The girl on the train cover art

The Girl on the Train

by Paula Hawkins

Genres Thriller, Mystery, Drama

6/10

Rachel is a struggling alcoholic. Ever since her husband left her she’s been stuck in a never ending cycle of taking the train to and from London pretending to go to a job she’s lost months ago to not worry her flatmate. Purposeless, depressed and alone, Rachel only finds a few moments of joy each ride when the train passes a local neighbourhood where she sees “Jess” and “Jason” living a loving life. This all ends abruptly when “Jess” (whose real name is Megan) disappears. Rachel throws herself into helping “Jason” (whose real name is Scott) with finding her as despite being an unknown alcoholic loose cannon, Rachel might have just seen enough from her seat in the train to solve Megan’s disappearance.

Highlights

  • It’s got an effective format and the reveal of the mystery is satisfying if a bit obvious
  • The cover art belies a fast paced story which this isn’t
  • Nobody’s particularly likeable
  • Everyone’s particularly depressing

The Girl on the Train is, just like The Housemaid was, in that I’ve known about it for a while but some suspicious reviews had me putting off reading it for a long time. My conclusions are also quite similar although opposite in that I found The Housemaid overly quirky in its ending whereas The Girl on the Train‘s ending is overly depressing.

We mostly follow Rachel, a recently divorced alcoholic whose husband cheated on her, had a child and left her because she became an alcoholic after discovering that she could not have children. It’s already a depressing set up, Tom, Rachel’s ex is clearly an ass who justifies his own cheating by blaming Rachel for her alcoholism when he has shown no evidence of ever supporting her through the trauma of being unable to have biological children. He pretends that having a child wasn’t that important to him but he also never offered adoption as an alternative to Rachel. And therein lies the first problem of this book: everyone is an ass trying to justify their own shitty behaviour (and sometimes they’re just asses).

Tom’s new wife, Anna, is a hypocritical, superficial, cheating enthusiast who flirts with the idea of murder being the right outcome if it gets her her happy ending with Tom. She eventually comes around but then immediately still assists with another murder and completely gets away with it, in particular because “Riley”, a police woman has decided that she liked Anna and hated everyone else beyond reason and professionalism. Riley isn’t a given a justification for her behaviour, she’s just an unprofessional, creepily incompetent cop who would rather make fun of Rachel than take her story of assault seriously. Megan who’s meant to be the victim here is also a cheating enthusiast which she justifies unbearably by a “I can’t help who I am” and her husband Scott, who’s mostly decent ends up also being a violent husband who happily beats women up.

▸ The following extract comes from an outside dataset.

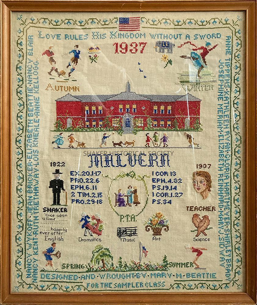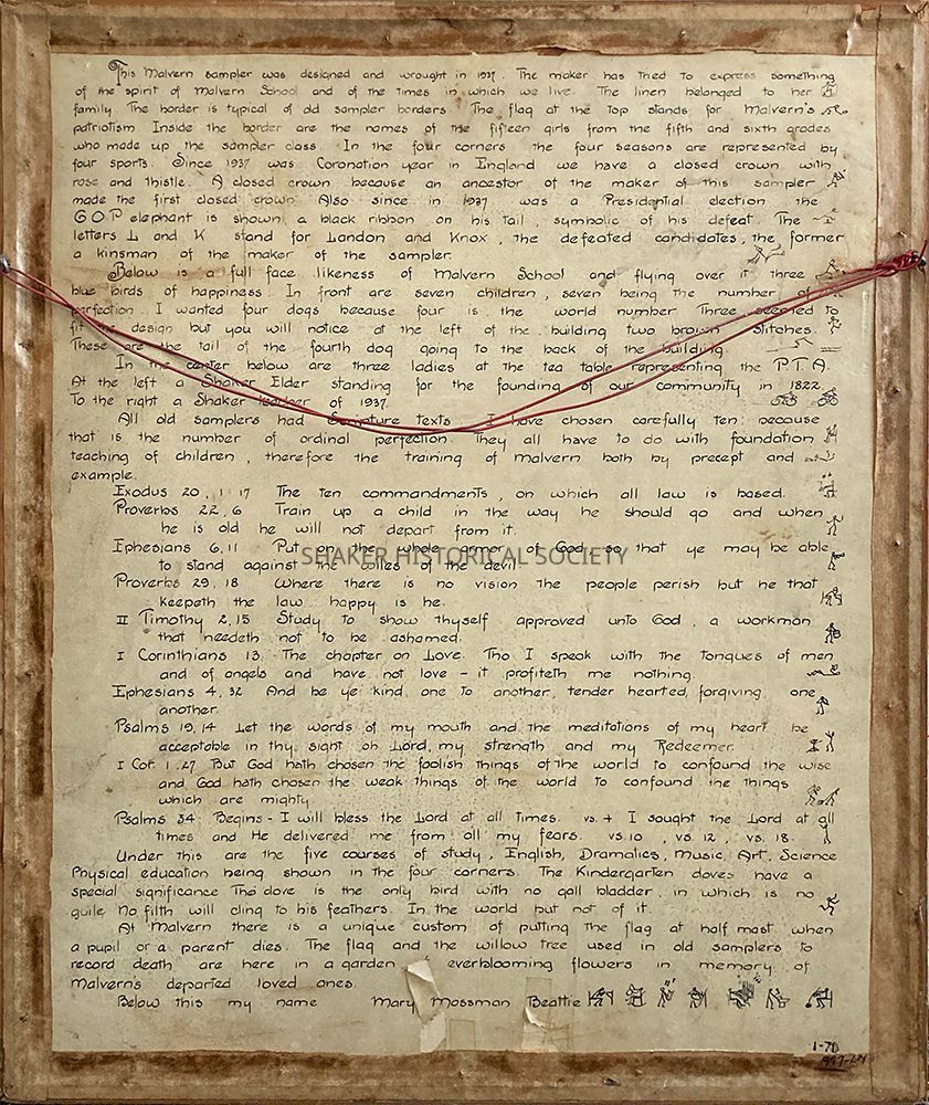 Framed sampler designed and sewn by Mary Mossman Beattie of Malvern School's sampler class in 1937. The school is prominently depicted and surrounded by bible verses and images representing the seasons, school subjects, and community history. The names of other students in the class are along the border. A handwritten description of the sampler and it's meaning is on the back of the sampler (full transcription available).Acquisition
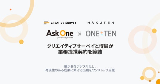 「顧客の声を機会に変える」をミッションに、あらゆる顧客接点で営業機会を逃さないマルチチャネルフォーム「Ask One」を提供するクリエイティブサーベイ株式会社(以下クリエイティブサーベイ)は、イベントを中心に企業や団体の体験型マーケティング活動を支援し、展示会においては大規模ブースから小規模ブースに特化した「パケテン」、「ONE±TEN」を提供する株式会社 博展(以下「博展」)と業務提携契約を締結したことを発表いたします。

This leaves us with Rachel whose genuine pathos makes her at least sympathetic as her alcoholism is more than understandable. It becomes more frustrating when she supposedly tries to quit for the sake of helping Megan but then proceeds to lie and justify her way around to still drink despite countless offers for help.

Jumping to the end, no character has grown. Some have died which means they’re not being obnoxiously despicable and pathetic anymore, but that doesn’t count as growth. Rachel is still an alcoholic with even more trauma, Anna is still a superficial hypocrite, Scott is still a violent man, and Riley is still inexplicably a bitchy cop. In a lot of ways it reminded me of The Guest List which was also profoundly depressing with a miserable ending…and also British? It certainly refers to Sainsbury’s a lot and I find the overlap of The Guest List’s depressing writing with The Thursday’s Murder Club‘s repeated references to Sainsbury’s a surprising pattern to notice. Is modern British literature defined by Sainsbury’s and depression?

This depressing tone also affects the writing style which feels decisively slow, especially when compared to the cover art with its blurred speed lines from the train. Train that actually has very little to do with the actual mystery and drama. The only two events of relevance on said train are the event Rachel saw from the train (which turns out to be a false lead) and a red-haired man…red-haired…red-herred…red-herring… (This would be funny if it wasn’t literally the only attempt at witty humour of the book, this isn’t 22 Jump Street). It makes up for it by using a fairly interesting chapter structure alternating between the point of views of Rachel, Megan and Anna and splits the chapters up by date and time which gives it a very back to back to back chapter progression but it’s a faked pace, the actual plot progresses at a leisurely pace and not much actually happens in it either until the end reveal.

I’d argue The Girl on the Train was every so slightly better written than The Housemaid, but it’s a stretch, I think the dark, depressing tone happens to fake a more mature writing style than the author is really capable of (at least when compared to their characters mostly being one dimensional pricks). I didn’t hate my time with it but it definitely just wasn’t much fun, the resolution of the big mystery is fairly obvious from around 60% of the book and then that just left me hanging around until Rachel’s boozed out neurons put two and two together.